**Task requirements:** Each line below must be reproduced exactly as it stands. Pictures stay out of the copy.

**Available data:**
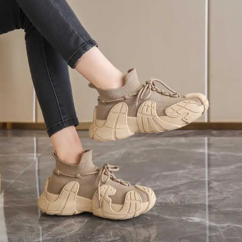 Fashion Thick Heel Round Toe Size 35 Women Shoes Vulcanize Luxury Woman Basketball Red Sneakers Sports Overseas Athletic Sneskers
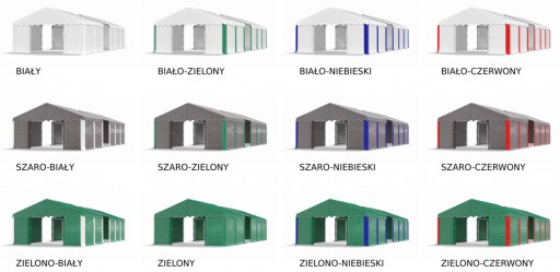 biały, biało-zielony, biało-niebieski, biało-czerwony, szaro-biały, szaro-zielony, szaro-niebieski, szaro-czerwony, zielono-biały, zielony, zielono-niebieski, zielono-czerwony
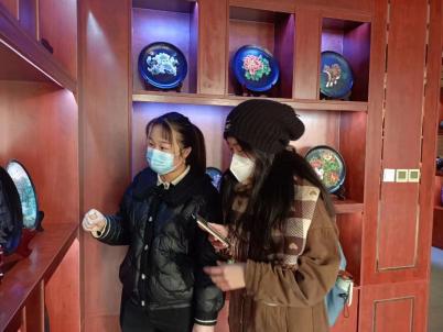 隊員們還了解到博物館應用了虛擬現實(VR)技術,只需關注博物館公眾號即可打開VR視角,隨著手機鏡頭轉動,便可身臨其境參觀博物館。這種形式讓非遺能夠“聽得見”“帶得走”“學得來”,使之觸手可及。隊員們體驗后連連贊嘆,表示這種形式既能保存非遺作品,又能讓大眾更方便地參觀、了解非遺,可謂一舉兩得。

**Solution to this task:**
 Fashion Thick Heel Round Toe Size 35 Women Shoes Vulcanize Luxury Woman Basketball Red Sneakers Sports Overseas Athletic Sneskers
 biały, biało-zielony, biało-niebieski, biało-czerwony, szaro-biały, szaro-zielony, szaro-niebieski, szaro-czerwony, zielono-biały, zielony, zielono-niebieski, zielono-czerwony
 隊員們還了解到博物館應用了虛擬現實(VR)技術,只需關注博物館公眾號即可打開VR視角,隨著手機鏡頭轉動,便可身臨其境參觀博物館。這種形式讓非遺能夠“聽得見”“帶得走”“學得來”,使之觸手可及。隊員們體驗后連連贊嘆,表示這種形式既能保存非遺作品,又能讓大眾更方便地參觀、了解非遺,可謂一舉兩得。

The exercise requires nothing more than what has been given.